*** Opening Data supplied ***
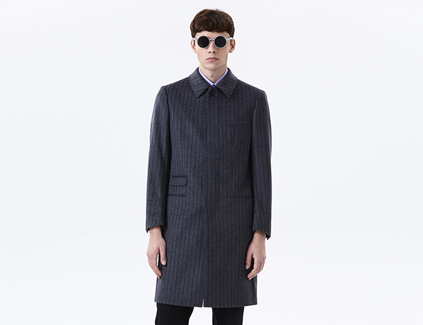 灰色豎條紋純羊毛輕便大衣
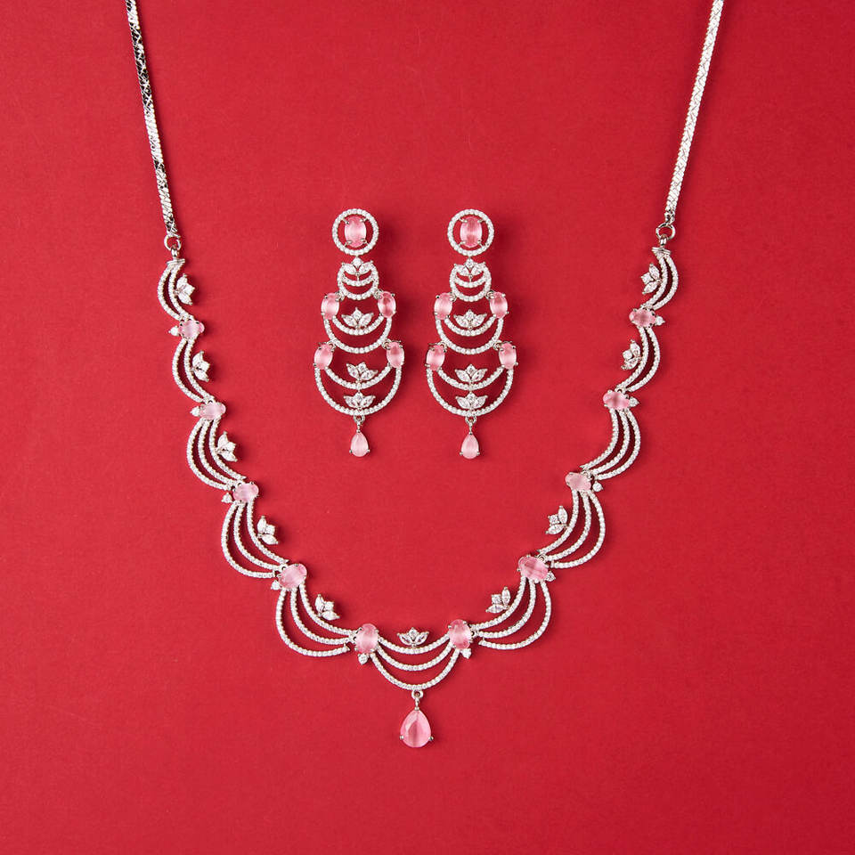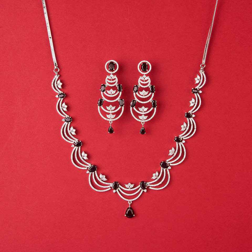 Latest Online Export Quality CZ Classic Necklace Set with Rhodium Plating Fashionable Necklaces
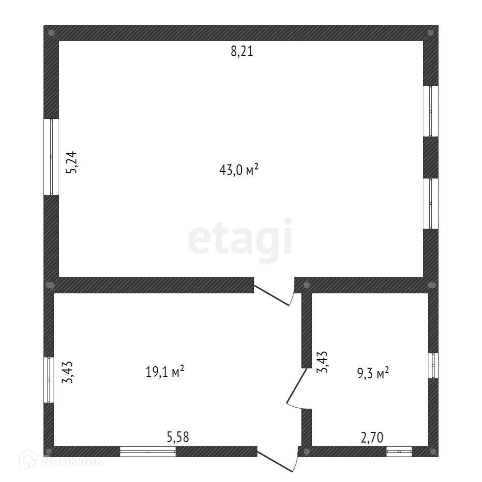 В доме большой зал 43 м2 и две спальни 9 и 19 м2, большая кухня и санузел со всеми удобствами.
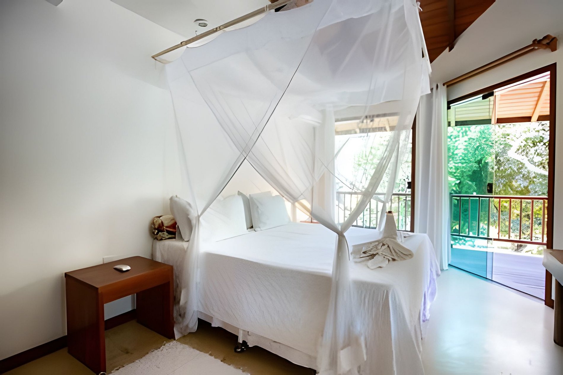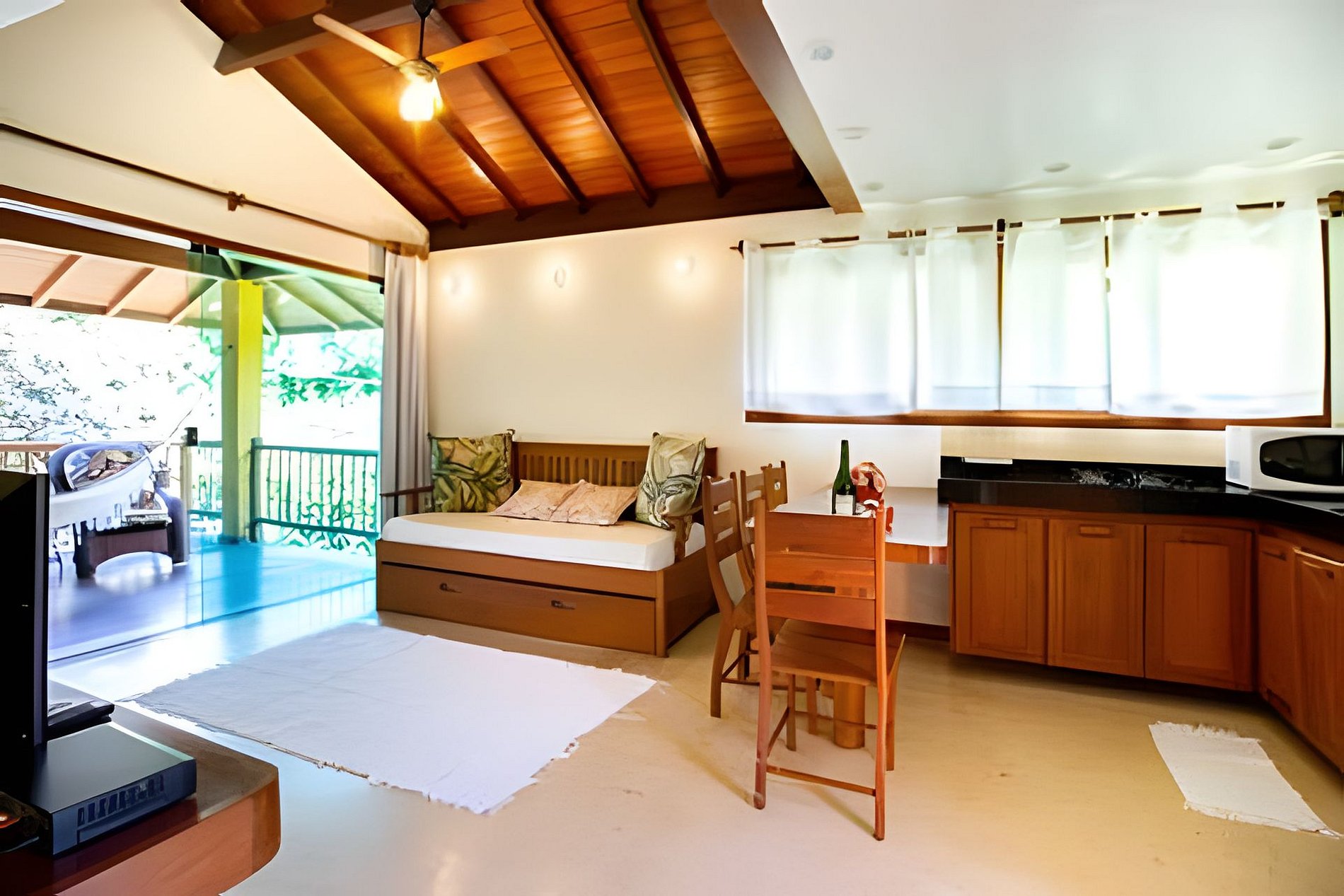 Apartamento superior com cerca de 70 mq de area total de um quarto com cama de casal queen , ar condicionado tipo split de 9000 BTU e sofá bi-cama na sala com dois colchão de solteiro com ventilador de teto ,banheiro com chuveiro , cozinha completa que consente a preparação de café da manha , almoço e janta , ampla varanda com rede .
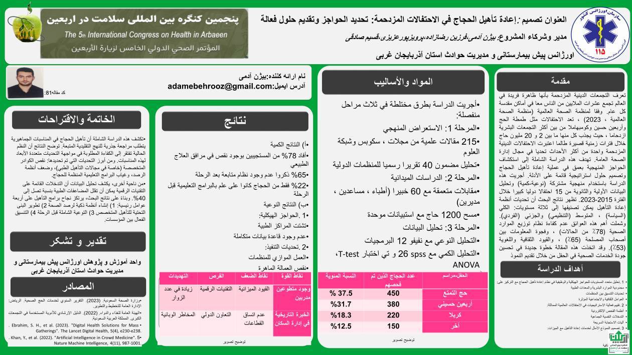 همچنین دکتر فرزین رضازاده رئیس سازمان اورژانس آذربایجان غربی، به همراه کارشناسان ارشد بیژن آدمی و قسیم صادقی به نمایندگی از اورژانس استان در این کنگره حضور یافته و ضمن ارائه دستاوردهای پژوهشی، در نشستهای تخصصی و کارگاههای علمی مرتبط با مدیریت بحران و سلامت زائران شرکت کردهاند.
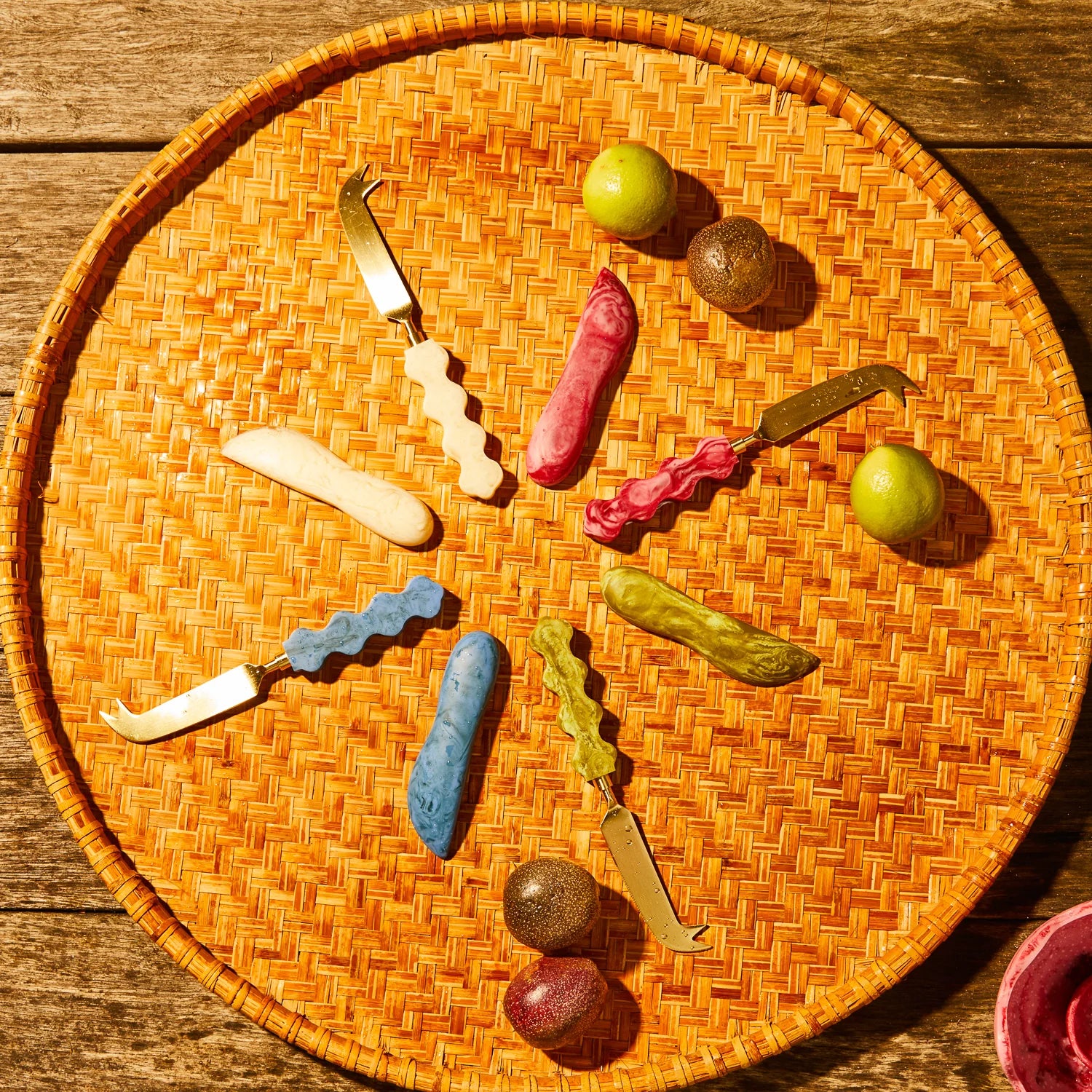 Sleek, sculptural, and anything but ordinary, our resin spreader knife pairs bold curves with a refined finish. Designed to elevate any occasion from laid-back grazing plates to artfully arranged charcuterie spreads.
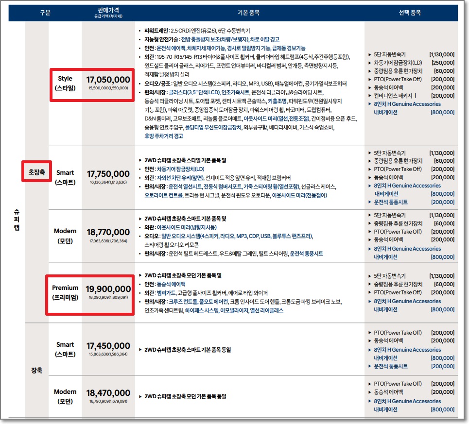 분류 2.5 CRDi 엔진 장축 일반캡_4WD 전용 장축 슈퍼캡 장축 더블캡 초장축 일반캡 초장축 슈퍼캡 초장축 더블캡
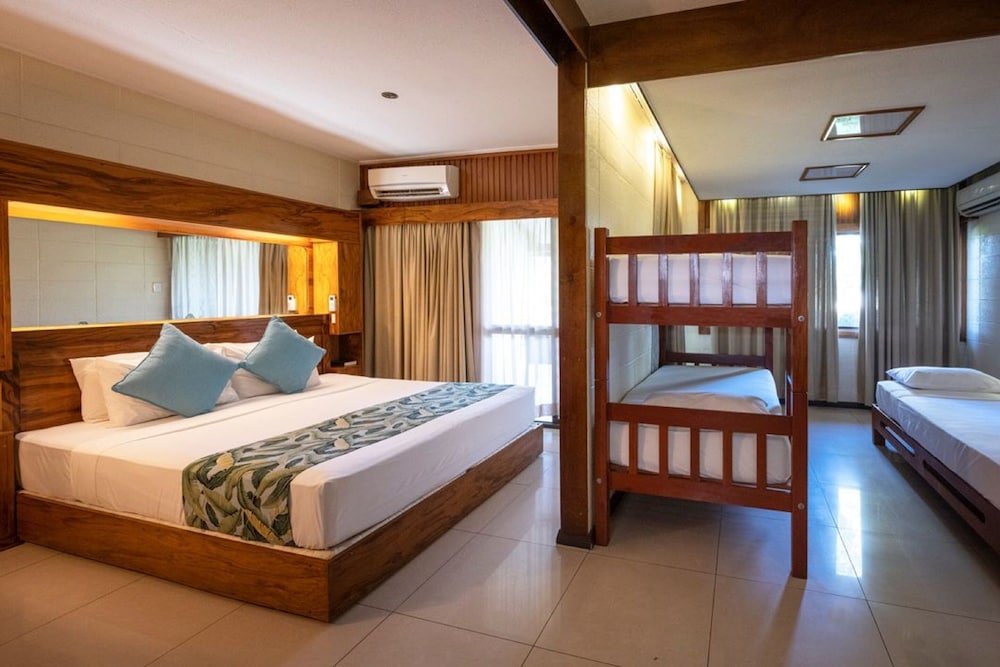 Located in Nadi, Fiji Gateway Hotel is in the suburbs and within the vicinity of Garden of the Sleeping Giant and Sabeto Hot Springs and Mud Pool. This family-friendly hotel is within the vicinity of Sri Siva Subramaniya Temple and Denarau Golf and Racquet Club.Rooms Make yourself at home in one of the 95 air-conditioned rooms featuring refrigerators and LCD televisions. Wireless Internet access (surcharge) keeps you connected, and satellite programming is available for your entertainment. Private bathrooms with showers feature complimentary toiletries and hair dryers. Conveniences include phones, as well as safes and desks.Amenities Dip into one of the 2 outdoor swimming pools or enjoy other recreational amenities including a waterslide and an outdoor tennis court. This hotel also features wireless Internet access (surcharge), concierge services, and babysitting/childcare (surcharge).Dining Enjoy a meal at one of the hotel's dining establishments, which include 2 restaurants and a coffee shop/café. From your room, you can also access 24-hour room service. Relax with your favorite drink at a bar/lounge or a poolside bar. Full breakfasts are available daily for a fee.Business, Other Amenities Featured amenities include a 24-hour business center, dry cleaning/laundry services, and multilingual staff. Planning an event in Nadi? This hotel has facilities measuring 646 square feet (60 square meters), including a meeting room. A roundtrip airport shuttle is complimentary (available 24 hours).
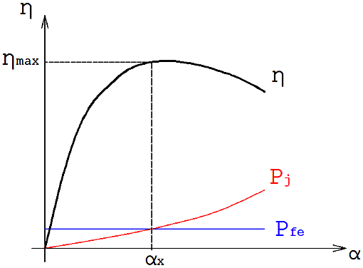 Il massimo rendimento si ottiene quando le perdite nel rame coincidono con le perdite nel ferro:
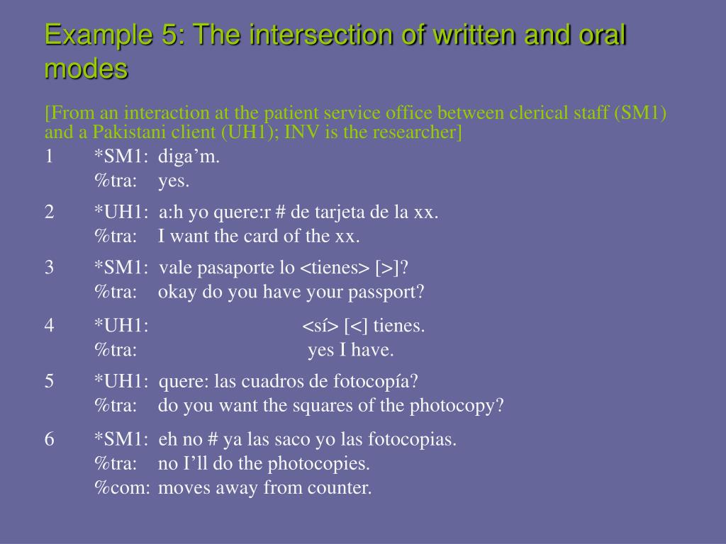 Example 5: The intersection of written and oral modes [From an interaction at the patient service office between clerical staff (SM1) and a Pakistani client (UH1); INV is the researcher] 1 *SM1: diga’m. %tra: yes. 2 *UH1: a:h yo quere:r # de tarjeta de la xx. %tra: I want the card of the xx. 3 *SM1: vale pasaporte lo <tienes> [>]? %tra: okay do you have your passport? 4 *UH1: <sí> [<] tienes. %tra: yes I have. 5 *UH1: quere: las cuadros de fotocopía? %tra: do you want the squares of the photocopy? 6 *SM1: eh no # ya las saco yo las fotocopias. %tra: no I’ll do the photocopies. %com: moves away from counter.
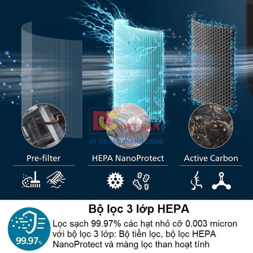 Lọc HEPA 3 lớp giữ lại 99,97% các hạt nhỏ nhất
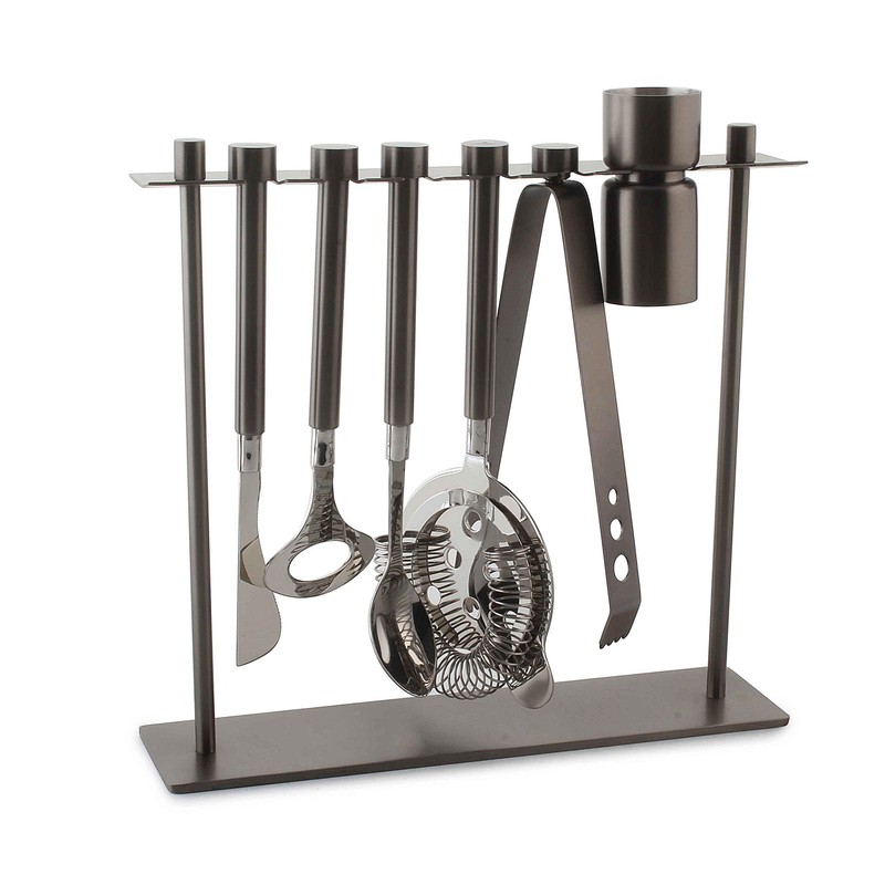 - Set includes 7 useful bar tools, includes handy stand
*** Closing Data supplied ***
__Work item__. Give back exactly the lines above from the one with "분류 2.5 CRDi" through the one with "Il massimo rendimento", both included. Pictures don't belong in the copy.

__Written response__.
 분류 2.5 CRDi 엔진 장축 일반캡_4WD 전용 장축 슈퍼캡 장축 더블캡 초장축 일반캡 초장축 슈퍼캡 초장축 더블캡
 Located in Nadi, Fiji Gateway Hotel is in the suburbs and within the vicinity of Garden of the Sleeping Giant and Sabeto Hot Springs and Mud Pool. This family-friendly hotel is within the vicinity of Sri Siva Subramaniya Temple and Denarau Golf and Racquet Club.Rooms Make yourself at home in one of the 95 air-conditioned rooms featuring refrigerators and LCD televisions. Wireless Internet access (surcharge) keeps you connected, and satellite programming is available for your entertainment. Private bathrooms with showers feature complimentary toiletries and hair dryers. Conveniences include phones, as well as safes and desks.Amenities Dip into one of the 2 outdoor swimming pools or enjoy other recreational amenities including a waterslide and an outdoor tennis court. This hotel also features wireless Internet access (surcharge), concierge services, and babysitting/childcare (surcharge).Dining Enjoy a meal at one of the hotel's dining establishments, which include 2 restaurants and a coffee shop/café. From your room, you can also access 24-hour room service. Relax with your favorite drink at a bar/lounge or a poolside bar. Full breakfasts are available daily for a fee.Business, Other Amenities Featured amenities include a 24-hour business center, dry cleaning/laundry services, and multilingual staff. Planning an event in Nadi? This hotel has facilities measuring 646 square feet (60 square meters), including a meeting room. A roundtrip airport shuttle is complimentary (available 24 hours).
 Il massimo rendimento si ottiene quando le perdite nel rame coincidono con le perdite nel ferro:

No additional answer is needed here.